The method for better decision-making in this sense, according to Chris Agnew, managing director of Stanford’s AI Hub for Education, is for district leaders to resist a tools-first mindset and instead set goals for what capacities they want students to have by the time they graduate. With that established, they can then work backward to find what learning activities, and then tools, would support those capacities.
RELY ON EVIDENCE-BASED PRACTICES
Agnew said that when districts allow a tool to define instructional strategy, decisions become reactive and fragmented, and success becomes measured as “did this tool work?” rather than “did learning improve in a meaningful way?” This manner of thinking can fail to connect a tool’s worth to long-term learning goals, he added, potentially leading to short-term experimentation followed by ineffective implementation of the tool.
"It can be tempting to take a tools-first approach of, here's this shiny new tool, run a pilot, evaluate the pilot in isolation, and then consider scaling it across a district," he said. "We encourage district leaders to think about, AI for what?"
This reverse approach where AI is not the starting point of decision-making, Agnew continued, requires schools to define exactly what students should be equipped with by graduation, examine which learning experiences are supported by research to build those capacities, and only then determine if and how AI can contribute to those experiences.
“Pedagogical design matters for these tools, and we need to study them,” he said.
AI LITERACY FOR ALL
Critically, Agnew said, districts also need to prioritize communitywide AI literacy initiatives that extend to the entire school ecosystem of students, staff and caregivers.
“Districts aren’t gonna go wrong with investing in AI literacy for everybody," he said. "This isn’t only about students.”
He noted that most school-aged kids — and likely adults — are already using AI tools independently, but not always in an informed way.
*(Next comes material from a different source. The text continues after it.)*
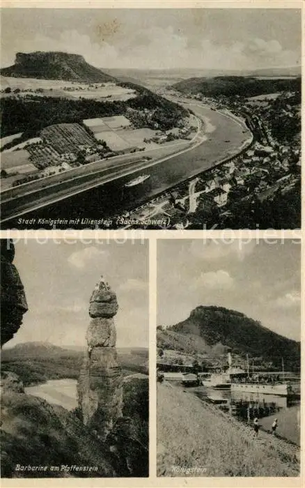 AK / Ansichtskarte Koenigstein_Saechsische_Schweiz mit Lilienstein und Elbe Barbarine am Pfaffenstein Festung Koenigstein_Saechsische

Thus, the goal for districts must be to ensure the community trains more discerning, critical users of AI who understand it well enough to question, evaluate and engage with it responsibly.
Teachers in particular are central to effective AI use in classrooms, Agnew said, emphasizing that districts need to invest in giving teachers the knowledge and training to make decisions about the tools and use them effectively. Doing so, he continued, moves the strategy beyond teachers having access to an AI tool, toward improving their professional judgement and ability to integrate the tech in a way that truly serves instruction.
Everyone in the school community, he said, needs to “[build] their capacity to be discriminating users [of AI] and build their critical opinion” when engaging with those tools.
MONITOR RESEARCH DEVELOPMENT
As he described in a recent report on the evidence base for AI use in K-12, Agnew said districts should be highly aware of how much faster the presence of AI is expanding than the evidence of its efficacy in instruction and learning.
Leaders need an ongoing cadence of engagement with research, he added, pointing to the AI Hub for Education’s repository. Updated monthly, the database contains approximately 1,300 papers on AI and education that can be filtered for relevancy — for example, “students as AI users” and “ELA outcomes.”
“Go back there once a month and find out what new findings there are,” he said.